Last Thursday, a judge in New York City ruled that an obscure magazine called 2600, based in Middle Island, N.Y., can’t post an equally obscure program, DeCSS, on its Web site, or link to other sites that offer it. Few people have used this software, which unlocks a DVD movie’s encryption, and not many more seem to care.

They should. This lawsuit is all about the mix of fear and greed that is driving the entertainment industry to put tighter and tighter locks on its products–and whether consumers get to do anything about it.

That August 25, 2000 column in the Washington Post was the first of many copyright rants I’ve had occasion to write. A lot has changed since then–DeCSS, of course, never disappeared and has since been replaced by better software that I’ve used to make copies of my DVDs to watch on laptops without optical drives–but one thing had not. The entertainment-industry firms that had lobbied for the passage of the DMCA and cheered the DeCSS verdict had kept on getting their way in Washington. Never mind the larger size of the tech industry; at worst, Big Copyright might lose a round after an egregious overreach, but that setback would then go largely unrecorded.

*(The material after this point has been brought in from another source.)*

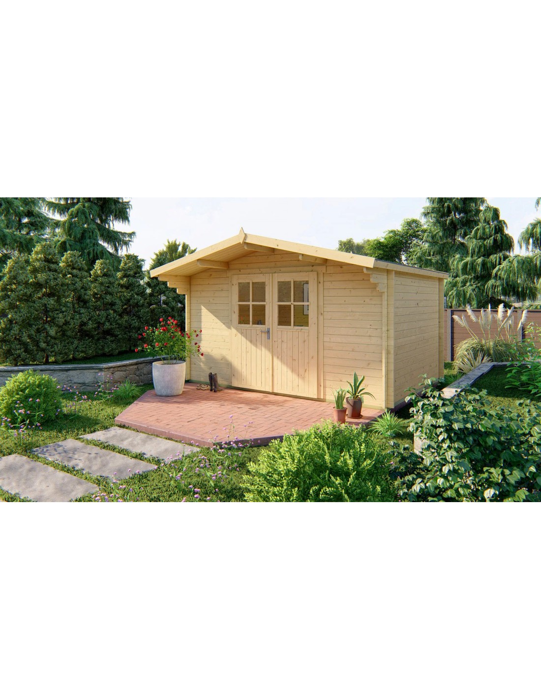 L'abri de jardin Vrebos est un témoignage du savoir-faire et du souci du détail. Sa construction robuste, disponible en pin traité ou non traité, garantit une durabilité longue durée tout en conservant une apparence charmante et naturelle qui complémente tout jardin ou cour. Le toit incliné, couvert de bardeaux, dirige efficacement l'eau de pluie loin de la structure, protégeant vos biens des éléments naturels.

That changed this week, thanks to a storm of protest over the Stop Online Piracy Act and its Senate counterpart, the Protect IP Act. Both would have turned the Internet’s Domain Name System into a censorship mechanism; the former would have also given copyright owners a financial kill switch for sites accepting user-generated content. And both looked set to sail through Congress until people noticed and started getting righteously fed-up, culminating in yesterday’s blackout protests at sites from Wikipedia to WordPress.com.

Those two bills have since taken a public beating–not just on tech-news sites, but on the evening news–and sponsors of each have been rushing to hit the Undo button on their support.  To judge from the more delusional press releases issued over the last 48 hours, I’m not sure that Hollywood even knows what hit it.

I would have liked to have seen this moment happen back in 2000, but this year will do.

Weekly output: Google directions and social isolation, 2011 in review, telling the tech future

Another holiday-shortened week, another holiday-shortened list of stories. That’s okay: Spending next week at CES should more than make up for my recent idle time.

1/1/2012: Today’s tip: Get the most out of Google Maps, USA Today

Full disclosure: When I leave my house, I carry a Metro SmarTrip card and keys to my house and my bike–plus, as of two weeks ago, one for Capital Bikeshare–but not my car. (Why would I do otherwise? If my car is anywhere but my driveway or our block when I step off the porch, something’s gone wrong.) So I’ve appreciated Google’s moves to provide directions to people traveling by rail, bus or bike. The Q&A part of this week’s column digs into some sociological research and my own experience to offer a non-cynical answer to the question “is technology just isolating us from each other?”

1/4/2012: 7 Tech Stories for 2011 and 2012, CEA Digital Dialogue

The year-in-review column may be a crutch for tech journalists to lean on during the slow week or two between Christmas and CES, but that doesn’t mean it can’t provide a useful opportunity to pull some sense out of the last 12 months’ worth of headlines–and see where those stories might go in the new year. At the risk of ruining whatever suspense this post might contain: Sorry, I think Congress will continue to demonstrate a certain… lack of finesse when it comes to tech policy.

1/5/2012: 5 Tech Advances That Might Arrive In 2012, Discovery News

Speaking of new-year columns, this one outlines five long-hyped technological breakthroughs that people might be able to buy this year: glasses-free 3-D TVs, portable fuel cells, color e-ink displays, battery-friendly LTE smartphones and big-screen OLED TVs. (Whether they’ll want to buy these things is another matter.) To judge from reader reactions and chatter on other sites, fuel cells top many people’s wish lists–but I’ll believe that when I’ve got a review unit ready to take on a weekend out of town.